“If you don’t pay appropriate attention to what has your attention, it will take more of your attention than it deserves.” — David Allen
None of us can have more time, it’s just a matter of becoming aware of our time and spending it effectively to meet our needs. We all get the same 24 hours a day, yet some make the most out of it while others end up complaining about not having enough time to do what they want, some serious time management going there — Haan!.
1. Manage Your Focus Not Time
When you say you want to manage your time, it means that you are trying to make decisions about what to focus on. Your attention is your most valuable asset, so spend it wisely because it’s not that you have an unlimited attention reserve, you can focus only on a handful of activities during your day.
“You can do anything, but not everything.” — David Allen.
Instead of managing your time, manage yourself during the time. Focus on a single activity at a time instead of jumping between tasks.
2. Schedule Your Energy Levels
Make sure your tasks settle in your schedule according to your energy levels. Some tasks require physical energy, while others consume mental stamina. Observe your energy levels throughout the day to see when you feel most active physically and what time of the day you are more likely to effortlessly complete mental workouts.
3. Get Done With The Most Important
Before diving into your daily goals, take a look at your tasks for the day to identify the most important ones, so that you complete them on priority.
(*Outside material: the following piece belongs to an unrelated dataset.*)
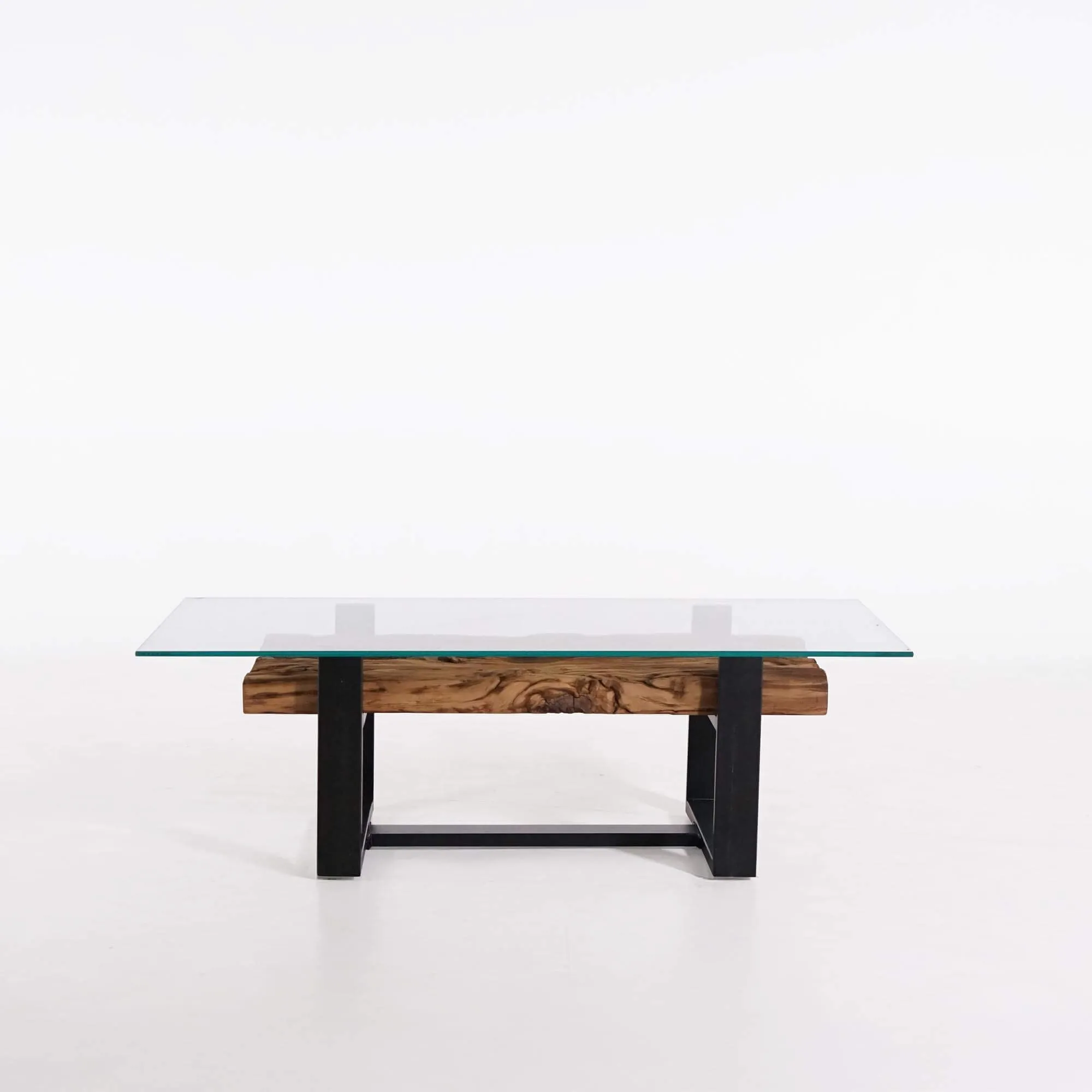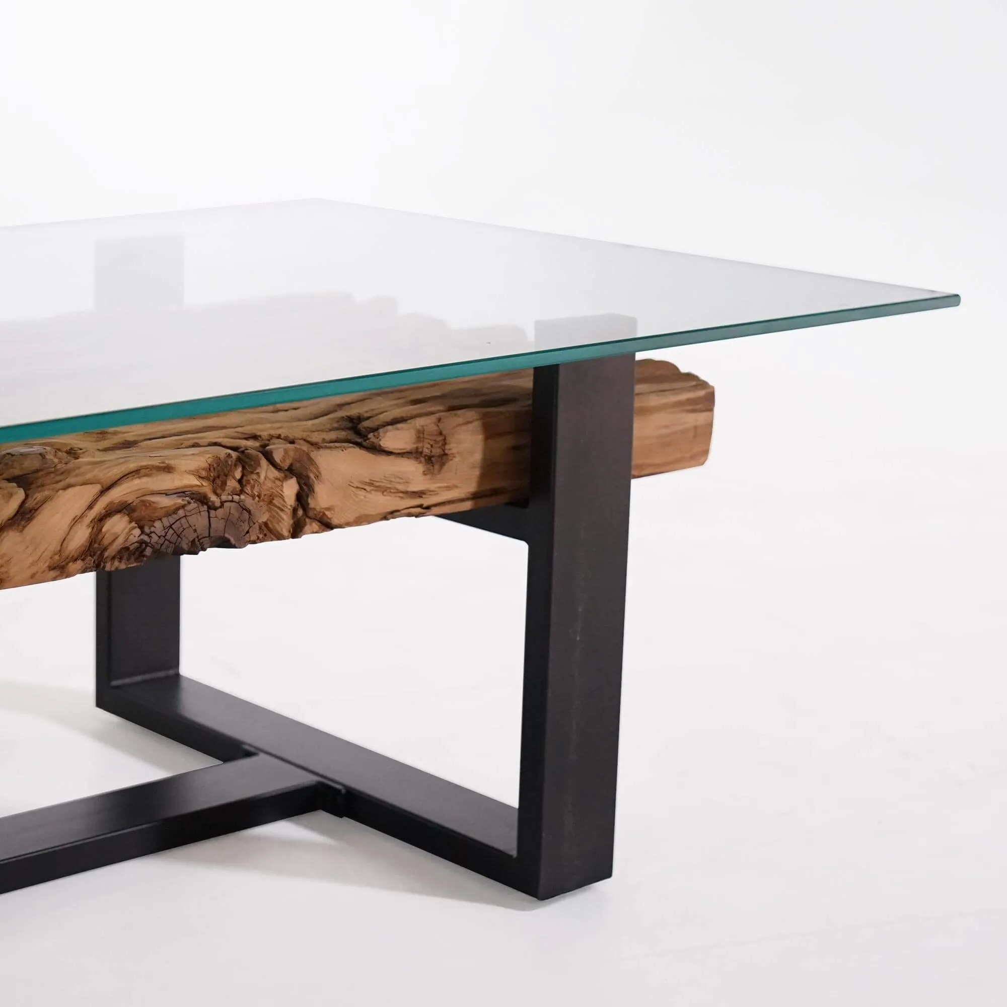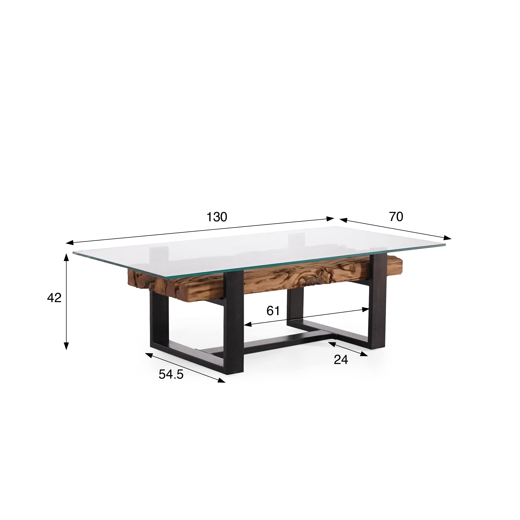 De zwarte metalen structuur van onze salontafel met glazen blad en spoorbielzen Railwood – robuust en geometrisch – vormt een krachtig contrast met de organische textuur van het hout. Dit evenwicht tussen stevigheid en lichtheid creëert een tijdloos designstuk dat zowel in een industriële loft als in een minimalistisch interieur tot zijn recht komt. De tafel rust op een open en luchtig onderstel dat het oog onder het blad laat dwalen en zo het gevoel van ruimte versterkt.

Completing the tasks that are most progressive in terms of your long-term goals will give you a motivational boost and a sense of accomplishment that you already have won the most difficult feat for the day. Prioritizing the tasks that do not require innovation or creativity and are mere side activities can leave you drained for your most important tasks.
4. Set Goals in Advance — Clarity Over Clutter
Set your goals for the day in advance, also aim for clarity when setting your goals. This way when you enter the day you already know what you are dealing with. Instead of just diving into your to-do list, make sure you are doing what needs to be done. Cluttering your to-do list with a dozen tasks is an indication of procrastination. Beware you might be pretending to be busy while something else deserves your attention.
5. Set Deadlines
Setting deadlines to even the most mundane tasks can help you manage your activities throughout the day. As Parkinson’s law states that “work expands so as to fill the time available for its completion”. If you can complete a task in 30 minutes why spend an hour on it, but also it is vital for you not to waste the saved 30 minutes checking your social media. Be mindful of how you spend your time.
6. Kill All The Distractions
Distractions are like cancer to your time management. They feed on your precious resource without you realizing — Attention. And the next morning you wake up with a deadline staring at you and pushing all of your panic buttons. If you have to act on a single time-saving technique it’s this one — get rid of the distraction in your life to improve half of your productivity. You can get the idea that your tiny decisions to check a new email, comments on Instagram, or what others are posting on their feeds, all chip away your time and you feel like where did my entire day just went.
These techniques are a good start to take charge of your time. Adopt even a single one and you would end up implementing the rest of these techniques as well because one cannot sustain without the other for the long term.